Very Boring Kinds of Goodness

Very Boring Kinds of Goodness March 13, 2014

I mentioned yesterday that I’ve not made any exciting changes for Lent (neither giving up a food nor picking up volunteer hours at the local something).  It’s not that these might not be good things to do, but I didn’t get a very right feeling about them, when I thought it over, and I am trying to do better about only working on the parts of acting morally that are easy for me to turn into rules to implement.

Here’s a very small, very dull example from earlier this week about the kind of weak attachment to good that I’d like to grow and strengthen during Lent.

I was walking out of the grocery store, holding my receipt, and looking for a trash can to stick it in.  However, the receipt was perforated, and as I was fumbling it about, about a two centimeter strip tore off and flew down the block on a gusty breeze.

I was already holding a heavy grocery bag (containing, among other things, an enormous jar of pickles) and I glared at the receipt, thinking grumbly thoughts about the inefficiency and outdatedness of the bag clerk handing me another physical object to have custody of and have to keep tidy.  Then I turned to continue home.
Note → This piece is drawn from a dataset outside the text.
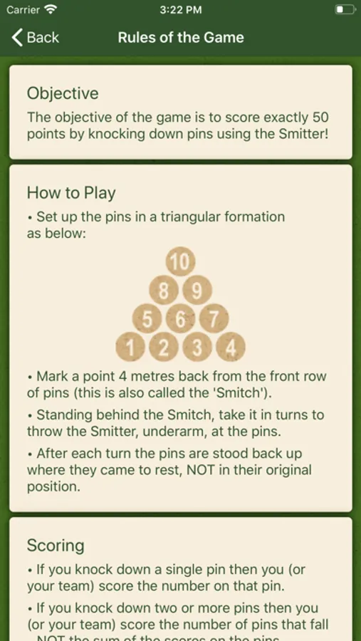 Similar to skittles, with a bit of a twist, Smite players must throw a wooden 'Smitter' at a formation of 10 wooden pins. The aim of the game is to score exactly 50 points.

But I did think, for a moment, my peculiar blend of What would Christ do? or What would a good Kantian/cooperating agent using Timeless Decision Theory do? and stomped down the block to trap, retrieve, and dispose of the errant slip of paper.
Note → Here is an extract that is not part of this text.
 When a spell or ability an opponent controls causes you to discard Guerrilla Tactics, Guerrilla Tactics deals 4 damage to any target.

I managed to get around to doing the decent thing, with a bit of lag time, but I can’t really say I did it in a spirit of love.   And it’s not like I was doing something heroic either; the best I can say is that I did the bare minimum: performed the correct act, without the correct attitude, but with (perhaps) the hope of one day managing the right spirit.

In the abstract, I can say it would be preferable to have a joyful, loving spirit in that moment.  It seems like it should be possible to pick up my litter with the same disposition as the one I have when I play peekaboo with a baby on the metro.  Something was disordered or somehow unhappy, and I was granted the privilege of restoring it to order and happiness.  But in the moment, what I mostly feel is put upon.

This kind of small-scale failure does remind me of what we’re longing for, during the slow procession to Easter: Love that comes to us, so we can finally be healed of spite and fear and participate fully in Love.

And these spontaneous stumbling blocks often do me more good than some deliberate disciplines.  A new prayer rule is something I will schedule and manage, so it fits within my life, but a lapse in love can take me by surprise and force me to see the distance between myself and goodness and to want the rift to be closed.